▶ What you have to do
Print them exactly: the lines from the beginning of the entries below through the line that contains "Caudalie Vinosculpt Crushed", and only those, with the pictures left out.

- Opening Delimiter -

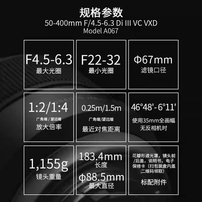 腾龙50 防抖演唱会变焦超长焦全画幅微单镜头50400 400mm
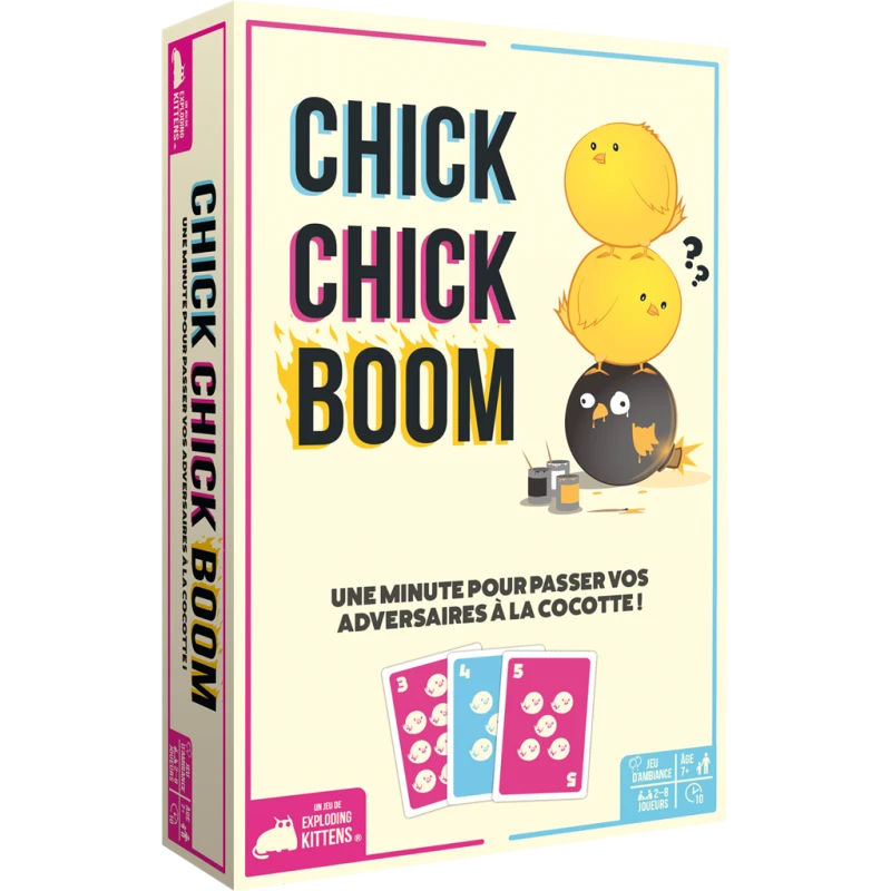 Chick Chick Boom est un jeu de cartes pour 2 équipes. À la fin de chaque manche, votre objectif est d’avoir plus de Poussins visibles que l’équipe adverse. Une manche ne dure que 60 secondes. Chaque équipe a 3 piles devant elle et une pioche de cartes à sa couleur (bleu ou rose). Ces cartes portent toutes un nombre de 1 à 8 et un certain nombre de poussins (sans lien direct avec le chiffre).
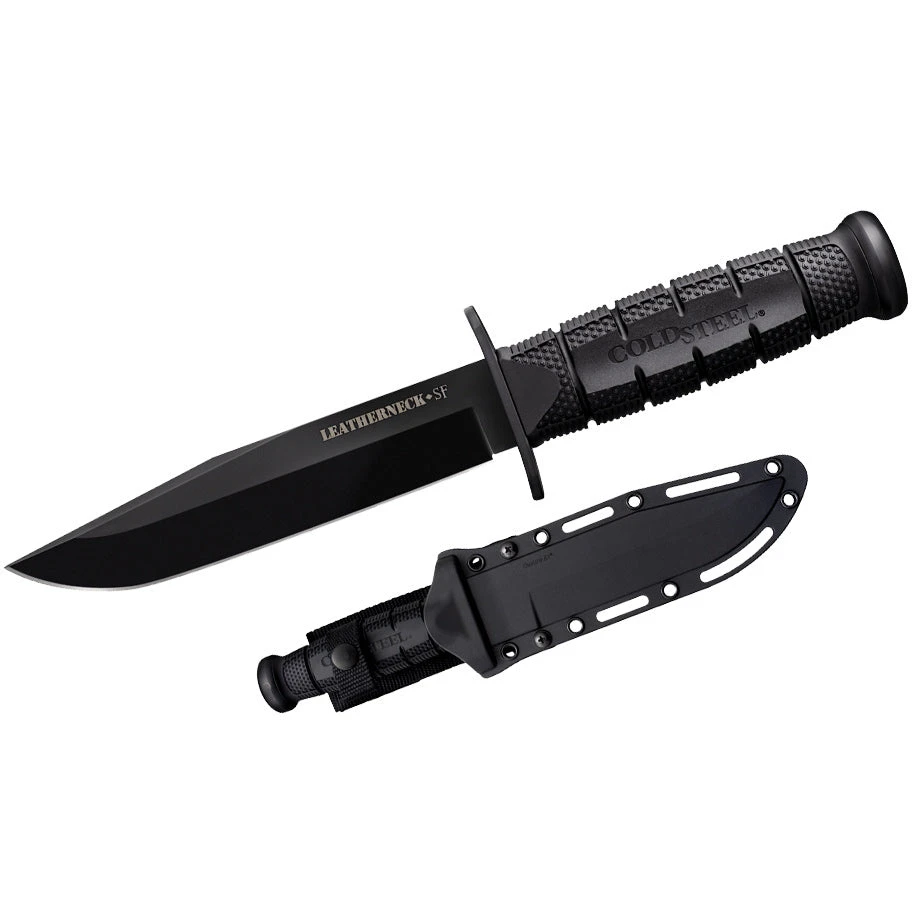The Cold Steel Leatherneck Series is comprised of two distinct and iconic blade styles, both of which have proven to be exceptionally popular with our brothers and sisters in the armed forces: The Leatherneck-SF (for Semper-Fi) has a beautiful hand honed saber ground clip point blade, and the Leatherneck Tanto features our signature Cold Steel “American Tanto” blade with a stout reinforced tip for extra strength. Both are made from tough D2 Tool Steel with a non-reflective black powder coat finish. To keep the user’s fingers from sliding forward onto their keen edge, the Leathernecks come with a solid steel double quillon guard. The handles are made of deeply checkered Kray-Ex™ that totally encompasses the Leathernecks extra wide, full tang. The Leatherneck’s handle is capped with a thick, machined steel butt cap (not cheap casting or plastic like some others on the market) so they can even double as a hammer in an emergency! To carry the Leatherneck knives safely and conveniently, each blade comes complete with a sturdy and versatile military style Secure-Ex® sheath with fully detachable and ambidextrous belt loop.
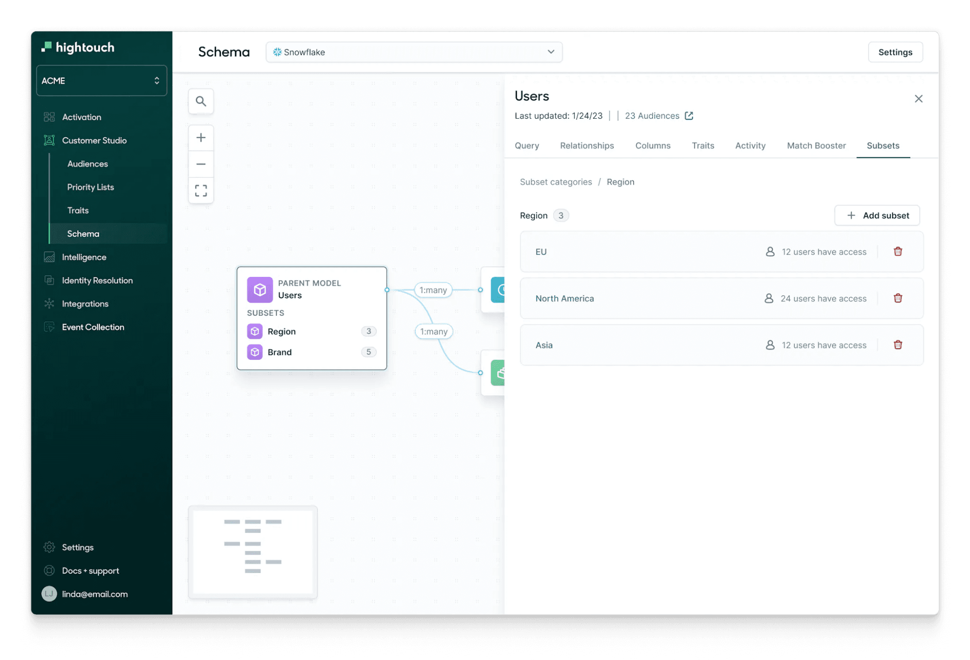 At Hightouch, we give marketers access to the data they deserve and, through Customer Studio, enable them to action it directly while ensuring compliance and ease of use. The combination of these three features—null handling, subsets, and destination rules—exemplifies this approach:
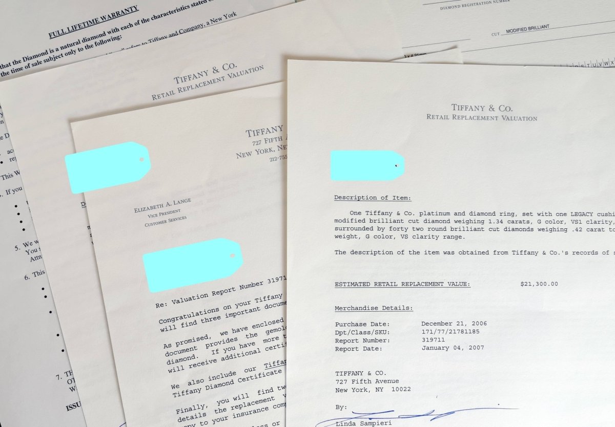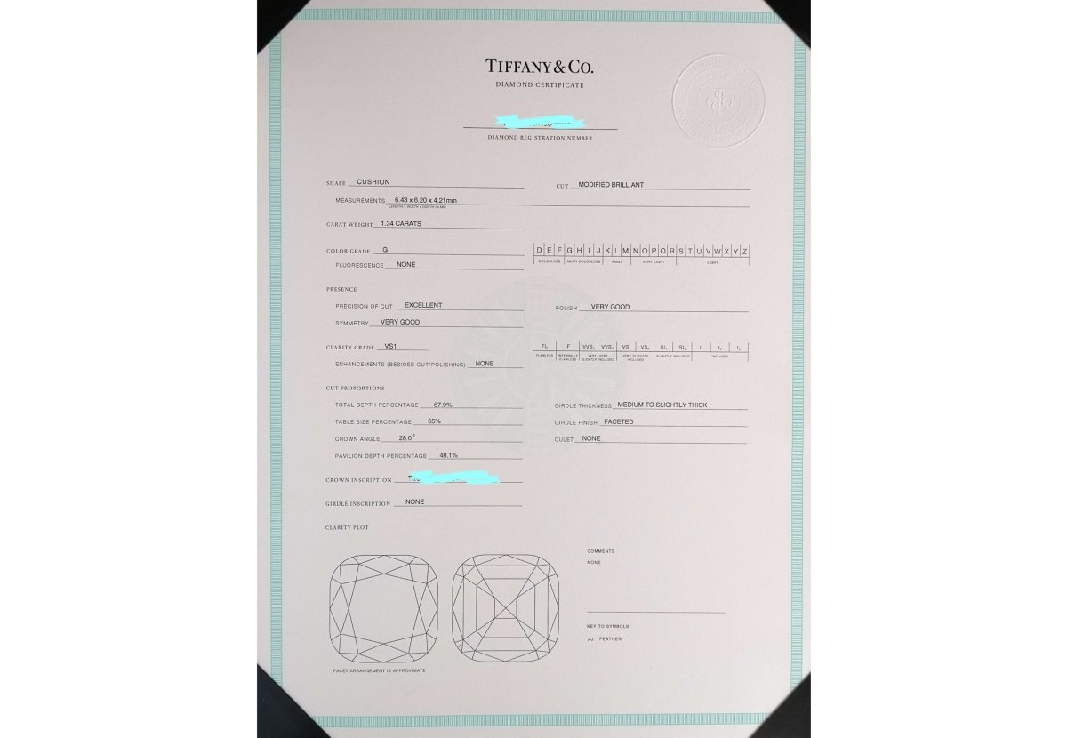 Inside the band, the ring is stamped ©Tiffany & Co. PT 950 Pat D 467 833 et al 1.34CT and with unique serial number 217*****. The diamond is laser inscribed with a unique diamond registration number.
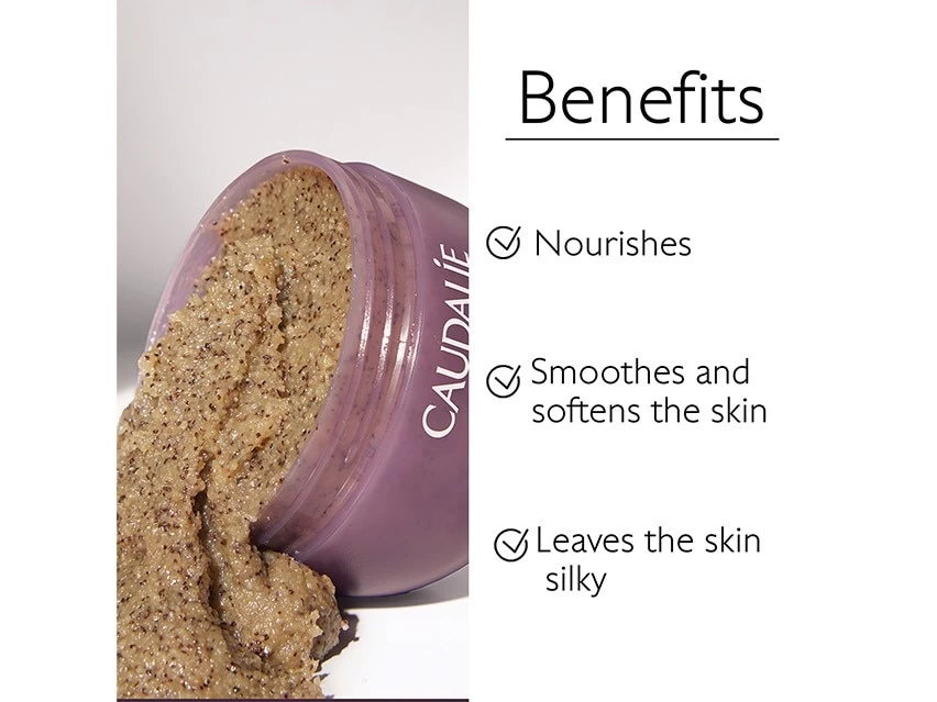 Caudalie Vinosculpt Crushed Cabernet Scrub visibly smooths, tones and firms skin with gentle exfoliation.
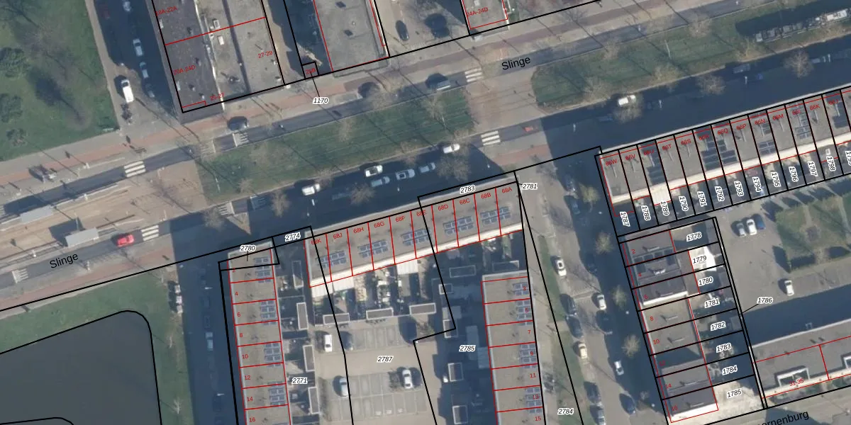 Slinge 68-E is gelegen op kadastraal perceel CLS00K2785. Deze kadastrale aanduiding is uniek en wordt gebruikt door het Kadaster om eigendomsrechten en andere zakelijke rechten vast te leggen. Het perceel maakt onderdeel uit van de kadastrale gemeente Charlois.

- Closing Delimiter -

▶ Result of this task
 腾龙50 防抖演唱会变焦超长焦全画幅微单镜头50400 400mm
 Chick Chick Boom est un jeu de cartes pour 2 équipes. À la fin de chaque manche, votre objectif est d’avoir plus de Poussins visibles que l’équipe adverse. Une manche ne dure que 60 secondes. Chaque équipe a 3 piles devant elle et une pioche de cartes à sa couleur (bleu ou rose). Ces cartes portent toutes un nombre de 1 à 8 et un certain nombre de poussins (sans lien direct avec le chiffre).
The Cold Steel Leatherneck Series is comprised of two distinct and iconic blade styles, both of which have proven to be exceptionally popular with our brothers and sisters in the armed forces: The Leatherneck-SF (for Semper-Fi) has a beautiful hand honed saber ground clip point blade, and the Leatherneck Tanto features our signature Cold Steel “American Tanto” blade with a stout reinforced tip for extra strength. Both are made from tough D2 Tool Steel with a non-reflective black powder coat finish. To keep the user’s fingers from sliding forward onto their keen edge, the Leathernecks come with a solid steel double quillon guard. The handles are made of deeply checkered Kray-Ex™ that totally encompasses the Leathernecks extra wide, full tang. The Leatherneck’s handle is capped with a thick, machined steel butt cap (not cheap casting or plastic like some others on the market) so they can even double as a hammer in an emergency! To carry the Leatherneck knives safely and conveniently, each blade comes complete with a sturdy and versatile military style Secure-Ex® sheath with fully detachable and ambidextrous belt loop.
 At Hightouch, we give marketers access to the data they deserve and, through Customer Studio, enable them to action it directly while ensuring compliance and ease of use. The combination of these three features—null handling, subsets, and destination rules—exemplifies this approach:
 Inside the band, the ring is stamped ©Tiffany & Co. PT 950 Pat D 467 833 et al 1.34CT and with unique serial number 217*****. The diamond is laser inscribed with a unique diamond registration number.
 Caudalie Vinosculpt Crushed Cabernet Scrub visibly smooths, tones and firms skin with gentle exfoliation.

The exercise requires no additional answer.